The views and opinions expressed are not necessarily those of the broker/dealer; or any affiliates. Nothing discussed or suggested should be construed as permission to supersede or circumvent any broker/dealer policies, procedures, rules, and guidelines.

Equity duration is the cash-flow weighted average time at which investors can expect to receive the cash flows from their investment in a company’s stock. Long-duration stocks include fast-growing technology companies, including those that may not pay any dividends in their early years, while short-duration stocks tend to be more mature companies with higher ratios to dividend to price.

The federal funds rate, known as the fed funds rate, is the target interest rate set by the Federal Open Market Committee of the U.S. Federal Reserve. The target is the Fed’s suggested rate for commercial banks to borrow and lend their excess reserves to each other overnight.

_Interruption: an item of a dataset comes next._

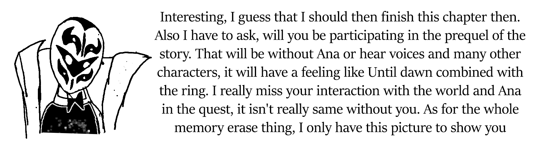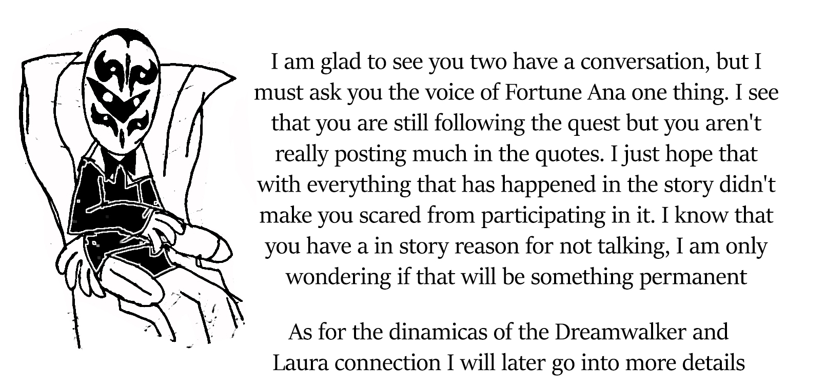 Suddenly, who should break into this pocket dimension by Logan the Magus himself. Ana attempts to be cordial, and Scarred is delighted to see the man who became her husband, but Logan is furious and demands she hand over AJ immediately. Logan reveals he knows that Andrew Goodwill is aware of his presence but he isn't the one he is worried about, and he demands she hand him over as he sees him as a little brother. Suddenly Dreamwalker shows up who was apparently disguised as one of Ana's voices and has been following her since she woke up and he helps defuse some of the tension in the air and points out some areas of information that Logan was missing. Ana however breaks down in tears and says that she knows her actions may very well be what got Absolution killed. She takes of her mask and offers to let Logan take AJ. But seeing her cry seems to have softened Logan up a little bit and he admits that he was too harsh and that the psychic connection has already been made between Ana and AJ. Jack comes back and offers both Logan a letter from Root. Upon opening the letter however it establishes a kind of ghost communication with Root and he invites Logan to his dinner party claiming that both he and Logan as well as Ana are all friends and allies. Both of them just see him as a sick fuck and while Logan agrees to "attend." Jack is also reprimanded by Lorence who shows up on the line and says that by serving Ana Jack fucked up and will need to have a performance review It's revealed this invitation is how Logan showed up at the dinner party in the side quest and how he was able to kidnap Root and kill off certain cult members. Logan says he has to leave soon and see someone who he isn't really wanting to see but it's a complicated situation and he must attend. Before he goes he warns Ana about someone called "The Ambassador" and that he's a dangerous and creepy person but he is definitely someone better to have on your side than against you.

Basis points (bps) are measurements used in discussions of interest rates and other percentages in finance. One basis point is equal to 1/100th of 1%, or 0.01%.

The terminal rate is the rate at which the U.S. Federal Reserve stops raising the federal funds rate in an attempt to bring down inflation.

Growth investing is a stock-buying strategy that focuses on companies expected to grow at an above-average rate compared to their industry or the market.

A short squeeze refers to what happens when the price of an asset rises sharply and forces short-sellers who had bet that its price would fall to buy it instead in order to avoid incurring even greater losses. In turn, those purchases put more upward pressure on the asset price.

Technicals refers to technical indicators of historic market data, including price and volume statistics, to which analysts apply a wide variety of mathematical formulas in their study of larger market patterns.

Defensive stocks provide consistent dividends and stable earnings regardless of whether the overall stock market is rising or falling. Companies with shares considered to be defensive tend to have a constant demand for their products or services and thus their operations are more stable during different phases of the business cycle.

A yield curve is a line that plots yields (interest rates) of bonds having equal credit quality but differing maturity dates. The slope of the yield curve gives an idea of future interest rate changes and economic activity. Investors and market analysts watch certain yield curves for signs of inversion, when yields for longer-term debt instruments fall below yields on short-term debt with the same credit quality. Inversions are watched as potential signs of a weakening economy and in certain cases, a harbinger of recessions.

The Producer Price Index (PPI), published monthly by the U.S. Bureau of Labor Statistics, measures the average change over time in the selling prices received by domestic producers for their output.

Factor investing is an approach to investing that selects securities based on characteristics associated with higher returns. These characteristics, or factors, can be macroeconomic factors or style factors. Macroeconomic factors are focused on broad risks across asset classes and include the rate of inflation: growth in gross domestic product; and the unemployment rate. Style factors include differences in growth versus value stocks; market capitalization, and industry sector. Factor performance refers to a focus on performance of securities within a particular factor or between groups of different kinds of factors.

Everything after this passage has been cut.